◆ PROBLEM TO SOLVE ◆
Only the pictures are to be dropped; return all other data below exactly.

◆ Records contained in a dataset ◆
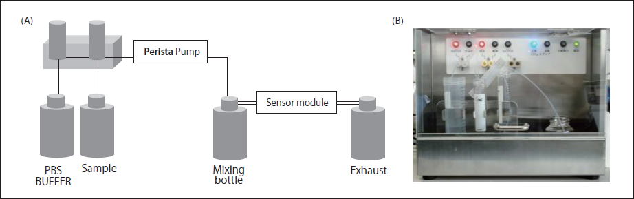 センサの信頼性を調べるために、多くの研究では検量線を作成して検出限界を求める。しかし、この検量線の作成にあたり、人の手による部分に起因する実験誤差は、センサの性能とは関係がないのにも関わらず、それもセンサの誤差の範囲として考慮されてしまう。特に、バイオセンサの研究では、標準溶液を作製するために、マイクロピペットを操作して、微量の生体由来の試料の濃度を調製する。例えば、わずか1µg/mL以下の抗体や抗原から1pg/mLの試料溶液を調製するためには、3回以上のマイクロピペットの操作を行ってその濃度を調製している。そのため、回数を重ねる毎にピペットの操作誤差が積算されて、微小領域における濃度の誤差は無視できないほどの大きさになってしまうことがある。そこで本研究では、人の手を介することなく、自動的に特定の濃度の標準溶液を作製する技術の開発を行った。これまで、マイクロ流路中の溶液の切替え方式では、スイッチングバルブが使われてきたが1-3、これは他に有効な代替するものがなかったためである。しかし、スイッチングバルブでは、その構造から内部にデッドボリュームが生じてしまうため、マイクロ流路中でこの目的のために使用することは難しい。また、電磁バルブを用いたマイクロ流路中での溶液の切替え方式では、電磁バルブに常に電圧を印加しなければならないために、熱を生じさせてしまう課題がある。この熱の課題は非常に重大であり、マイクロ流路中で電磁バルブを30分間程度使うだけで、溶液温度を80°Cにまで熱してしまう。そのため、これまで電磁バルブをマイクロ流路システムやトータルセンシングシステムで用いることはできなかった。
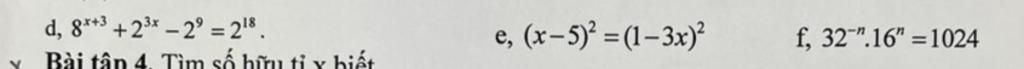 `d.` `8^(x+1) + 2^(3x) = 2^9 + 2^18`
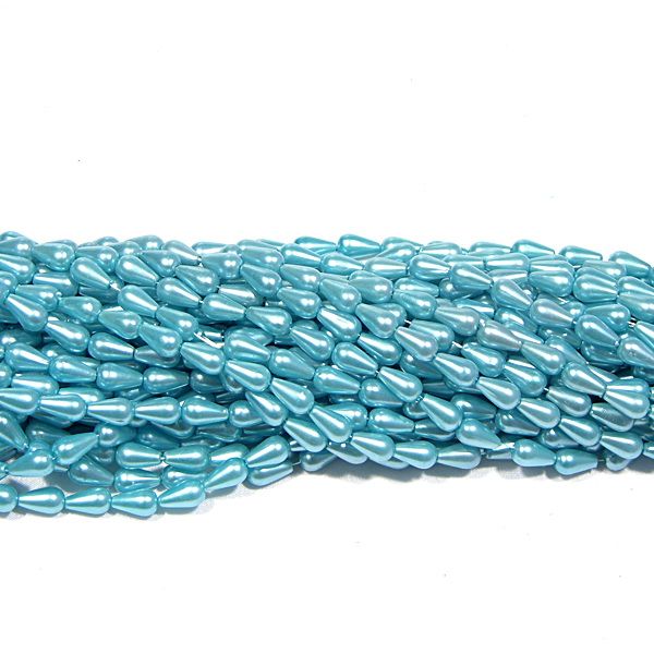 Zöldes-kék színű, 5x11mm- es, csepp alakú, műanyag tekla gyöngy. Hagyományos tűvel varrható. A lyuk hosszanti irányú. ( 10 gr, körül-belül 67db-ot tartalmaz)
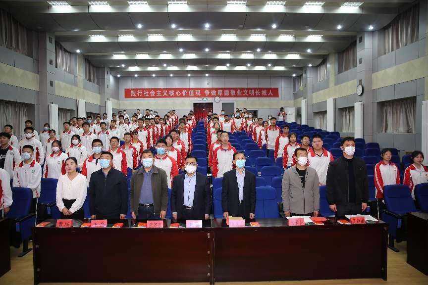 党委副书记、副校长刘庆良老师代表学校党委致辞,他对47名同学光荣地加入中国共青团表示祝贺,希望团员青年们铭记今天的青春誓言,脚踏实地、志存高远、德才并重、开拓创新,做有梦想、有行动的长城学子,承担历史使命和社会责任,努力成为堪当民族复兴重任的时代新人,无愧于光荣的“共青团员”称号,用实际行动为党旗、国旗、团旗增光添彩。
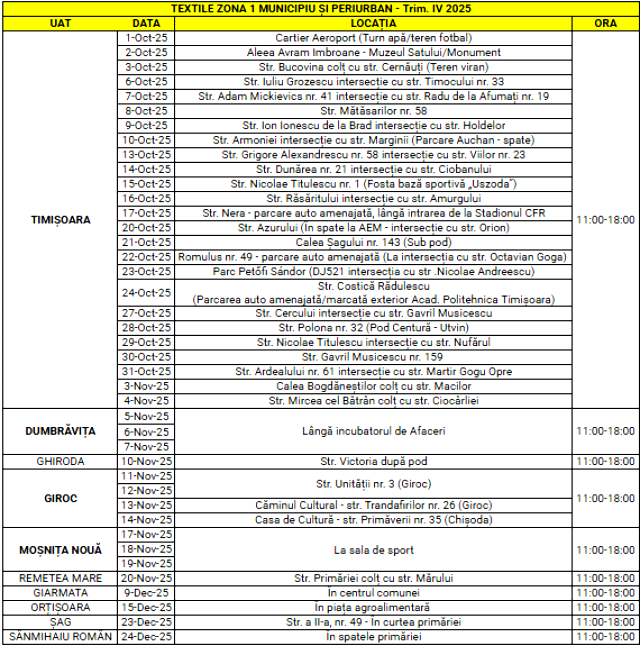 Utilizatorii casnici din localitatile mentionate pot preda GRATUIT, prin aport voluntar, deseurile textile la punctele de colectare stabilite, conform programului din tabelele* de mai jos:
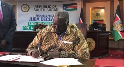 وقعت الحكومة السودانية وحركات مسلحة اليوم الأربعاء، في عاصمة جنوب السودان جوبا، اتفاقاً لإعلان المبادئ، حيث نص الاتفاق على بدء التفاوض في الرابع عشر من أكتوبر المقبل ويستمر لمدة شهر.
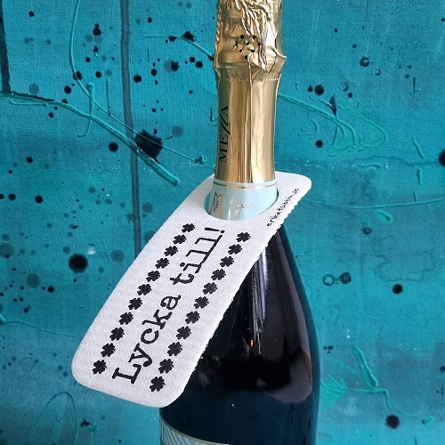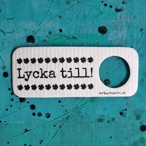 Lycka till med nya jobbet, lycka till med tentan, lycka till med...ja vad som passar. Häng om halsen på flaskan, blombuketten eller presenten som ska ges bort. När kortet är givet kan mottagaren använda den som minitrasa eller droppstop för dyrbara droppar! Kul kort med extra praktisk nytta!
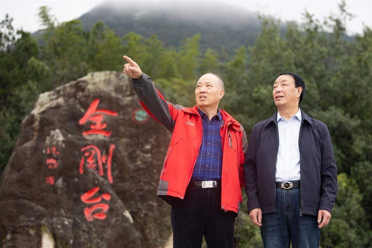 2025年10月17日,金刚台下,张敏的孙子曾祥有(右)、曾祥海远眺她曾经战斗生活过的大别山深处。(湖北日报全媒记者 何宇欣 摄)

◆ TASK OUTPUT ◆
 センサの信頼性を調べるために、多くの研究では検量線を作成して検出限界を求める。しかし、この検量線の作成にあたり、人の手による部分に起因する実験誤差は、センサの性能とは関係がないのにも関わらず、それもセンサの誤差の範囲として考慮されてしまう。特に、バイオセンサの研究では、標準溶液を作製するために、マイクロピペットを操作して、微量の生体由来の試料の濃度を調製する。例えば、わずか1µg/mL以下の抗体や抗原から1pg/mLの試料溶液を調製するためには、3回以上のマイクロピペットの操作を行ってその濃度を調製している。そのため、回数を重ねる毎にピペットの操作誤差が積算されて、微小領域における濃度の誤差は無視できないほどの大きさになってしまうことがある。そこで本研究では、人の手を介することなく、自動的に特定の濃度の標準溶液を作製する技術の開発を行った。これまで、マイクロ流路中の溶液の切替え方式では、スイッチングバルブが使われてきたが1-3、これは他に有効な代替するものがなかったためである。しかし、スイッチングバルブでは、その構造から内部にデッドボリュームが生じてしまうため、マイクロ流路中でこの目的のために使用することは難しい。また、電磁バルブを用いたマイクロ流路中での溶液の切替え方式では、電磁バルブに常に電圧を印加しなければならないために、熱を生じさせてしまう課題がある。この熱の課題は非常に重大であり、マイクロ流路中で電磁バルブを30分間程度使うだけで、溶液温度を80°Cにまで熱してしまう。そのため、これまで電磁バルブをマイクロ流路システムやトータルセンシングシステムで用いることはできなかった。
 `d.` `8^(x+1) + 2^(3x) = 2^9 + 2^18`
 Zöldes-kék színű, 5x11mm- es, csepp alakú, műanyag tekla gyöngy. Hagyományos tűvel varrható. A lyuk hosszanti irányú. ( 10 gr, körül-belül 67db-ot tartalmaz)
 党委副书记、副校长刘庆良老师代表学校党委致辞,他对47名同学光荣地加入中国共青团表示祝贺,希望团员青年们铭记今天的青春誓言,脚踏实地、志存高远、德才并重、开拓创新,做有梦想、有行动的长城学子,承担历史使命和社会责任,努力成为堪当民族复兴重任的时代新人,无愧于光荣的“共青团员”称号,用实际行动为党旗、国旗、团旗增光添彩。
 Utilizatorii casnici din localitatile mentionate pot preda GRATUIT, prin aport voluntar, deseurile textile la punctele de colectare stabilite, conform programului din tabelele* de mai jos:
 وقعت الحكومة السودانية وحركات مسلحة اليوم الأربعاء، في عاصمة جنوب السودان جوبا، اتفاقاً لإعلان المبادئ، حيث نص الاتفاق على بدء التفاوض في الرابع عشر من أكتوبر المقبل ويستمر لمدة شهر.
 Lycka till med nya jobbet, lycka till med tentan, lycka till med...ja vad som passar. Häng om halsen på flaskan, blombuketten eller presenten som ska ges bort. När kortet är givet kan mottagaren använda den som minitrasa eller droppstop för dyrbara droppar! Kul kort med extra praktisk nytta!
 2025年10月17日,金刚台下,张敏的孙子曾祥有(右)、曾祥海远眺她曾经战斗生活过的大别山深处。(湖北日报全媒记者 何宇欣 摄)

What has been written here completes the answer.